Nearly three quarters of businesses (72 per cent) experiencing a skills shortage say the issue is affecting the well-being of colleagues.

And according to a study by the British Chambers of Commerce (BCC) in partnership with The Open University, 28 per cent of businesses say that have had to turn down or halt bidding for work due to staff shortage.

But with candidates becoming more discerning over the roles they aspire to or are willing to take – Peterborough-based Anne Corder Recruitment has some advice to employers on overcoming current industry challenges of hiring during a candidate shortage.

Managing director Nel Woolcott explained: “Now is really the time for employers, training providers and policy makers to work together to ensure they are delivering and implementing a skills plan.

“On coming out of Covid, employees have proved they can, and in some cases prefer, to work from home, which puts businesses insisting on full-time in-person attendance on the back foot.

“There are a record number of vacancies advertised in the UK, which is resulting in skills shortages. Post pandemic, people are becoming more discerning about their choices – looking for more money AND a better work life balance.”

Nel added: “Boosting morale within a demoralised team can be a tall order, but by showing your team that you are working hard to bridge any gap or gaps and are committed to hiring the best skill-matched candidate to the role can help to rejuvenate and re-energise positivity within the workplace.”

ACR has some tips on how to attract the best candidates to your vacancy:

  • Be absolutely clear about what it is you are offering – transparency is a key factor, starting with clarity in job adverts around what the role is, and what the person would be doing.
  • If the post requires mandated 100 per cent office attendance, then make that evident but share the reason why – can it be linked to a value around collaboration?  Share benefits and most importantly, be clear on salary.
  • Think about the best way of getting engagement for your job post and invite your team to share and comment on any adverts on their own professional social media platforms.
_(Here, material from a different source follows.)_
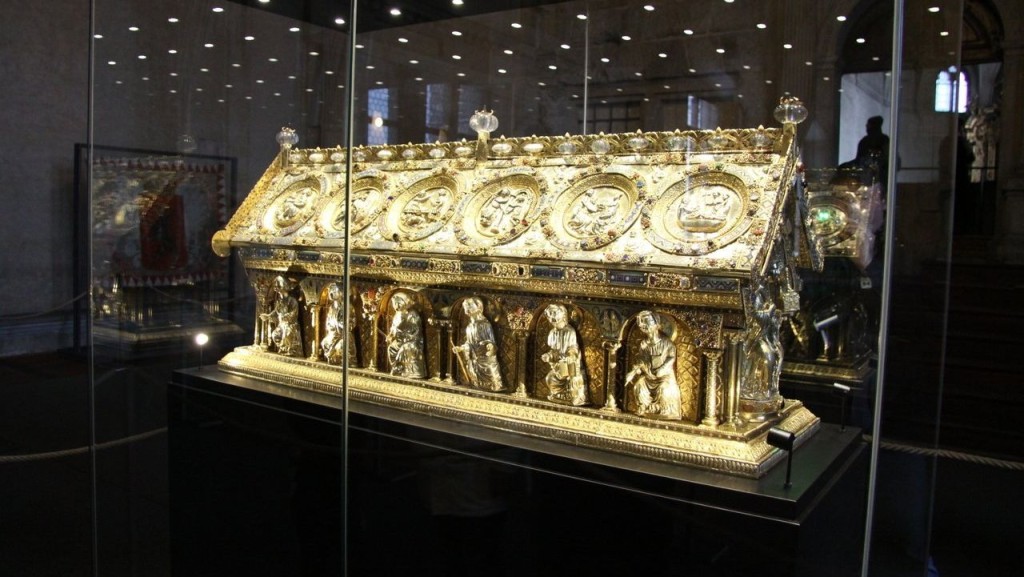 The St. Maurus reliquary is a unique Romanesque reliquary that is permanently exhibited in a town Becov nad Teplou in the western part of the Czech Republic. The reliquary was originally created in the 13th century in order to hold the skeletal remains of St. Maurus, St. John the Baptist and St. Timothy. It is a large case or a casket in a shape of a house with a wooden structure covered with silver plates, it consists of 12 small statues of saints and is decorated with Romanesque metalwork ornamentations and a number of precious gems. It is worth mentioning the person of St. Maurus, although there is not much of reliable information about his life, it is sure that he was a martyr living in the first or third centuries AD. When Becov nad Teplou castle owner Alfred de Beaufort bought the reliquary in 1838 from a church in Belgium- it was originally made for a Benedictine abbey in Belgium, he brought it to Becov nad Teplou and had it repaired. When his grandson had to flee the country in 1945 because he had collaborated with the Nazis, he hid the reliquary in a backfill of a chapel in Becov Castle. The reliquary has remained hidden for 40 years and was found in November in 1985 by criminologists. There were some attempts of buying it but the Czechs refused to sell it, not wanting it to leave the country. The reliquary was first displayed to the public at the exhibition at Prague Castle in 2000, but at that time it has not been fully restored. Finally in 2002 it became a part of a long-term exhibition and is exhibited in a blue dining hall in Becov nad Teplou castle.

There’s nothing better than an in-post advocate to endorse that you have a great place to work.
  • The market is moving at a fast pace, so by condensing the process, you won’t let that perfect candidate slip through the net. If you see someone that fits the bill, then make your move or risk losing them to another role.
  • You may only get one really strong applicant, but don’t be afraid to make an offer on a shortlist of one. If after a week you have only one applicant that you can see working, don’t wait – it is likely that person will get snapped up and you’ll miss out on a potential starter.
  • Work with a recruitment partner; bring them into your manpower plan, skills risks and get them to start building pipeline and talent pooling. That way, when the inevitable happens you should have an expert on hand to deliver your shortlist, save you time in the search and selection process, and ensure that you don’t leave the team shorthanded for longer than necessary.